How Does a Working Capital Loan Work?
So, how exactly do working capital loans work? Let’s take a closer look.
What is a Working Capital Loan For?
Most business loans, such as business term loans or equipment financing, are meant to cover a significant, long-term investment. Working capital loans, on the other hand, are for smaller, short-term investments and everyday operations. Since the investments are smaller, it may take longer for business owners to see any significant ROI. That’s why the fixed payment schedule of a business term loan doesn’t work in these situations. When you choose FDF, we’ll work out a repayment schedule that will work best for you and your business.
Now, the term “working capital loan” refers to a very broad category. Within this category, there are several sub-categories. Below are some of your working capital loan options.
Short Term Working Capital Loan – the most common choice. If you only need a small amount of funding, – say a few thousand dollars or so – then this type of funding could serve you well. This business loan is based on the daily and/or monthly costs of running your business. You would pay back your business loan in as little as a few months, and the frequency of your repayments can vary depending on your situation.

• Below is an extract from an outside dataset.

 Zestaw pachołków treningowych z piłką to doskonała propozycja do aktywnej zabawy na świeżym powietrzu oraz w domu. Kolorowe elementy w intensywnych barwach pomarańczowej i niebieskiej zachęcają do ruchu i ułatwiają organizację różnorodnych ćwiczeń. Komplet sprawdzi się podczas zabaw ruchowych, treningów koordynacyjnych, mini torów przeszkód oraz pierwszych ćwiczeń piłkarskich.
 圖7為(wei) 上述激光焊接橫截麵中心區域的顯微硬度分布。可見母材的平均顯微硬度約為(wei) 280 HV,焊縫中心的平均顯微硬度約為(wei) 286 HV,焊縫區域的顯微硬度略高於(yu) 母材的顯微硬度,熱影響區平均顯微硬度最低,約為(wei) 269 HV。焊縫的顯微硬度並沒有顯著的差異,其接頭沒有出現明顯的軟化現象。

Merchant Cash Advance – Just like a term business loan, a merchant cash advance provides you with a lump sum of money. Unlike a term business loan, however, this type of financing doesn’t have a fixed repayment schedule. Instead, you pay back your merchant cash advance with a portion of your credit and debit card sales. If your business has consistent credit and debit card revenue, then this option may be the best choice for you.

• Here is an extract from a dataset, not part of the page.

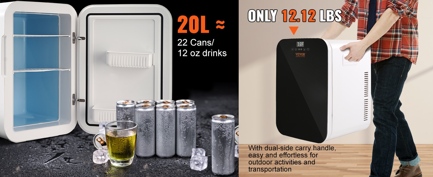 Compact but Spacious: Our mini-fridge features a small body, but it can hold up to 22 cans of 330ml beverage in its 20L capacity, weighing only 12.12lbs; Both sides are equipped with carrying handles to make it portable and easy to carry, ideal for storing food, drinks, breast milk, skincare products, medicine, and more;

Accounts Receivable Factoring option. This is often the best choice for borrowers with unpaid invoices and receivables. We can purchase your unpaid receivables for a discount and then pay you, the borrower, right away.
Working Capital Line of Credit – This is a more flexible option that gives you access to a pool of funds, without having to borrow a lump sum that you’ll have to repay interest on. You can use as much or as little as you need, only when you need it, and pay interest on what you borrow.
SBA Loans – These loans are guaranteed by the Small Business Administration for those who are approved, and meant for anyone looking to refinance working capital needs.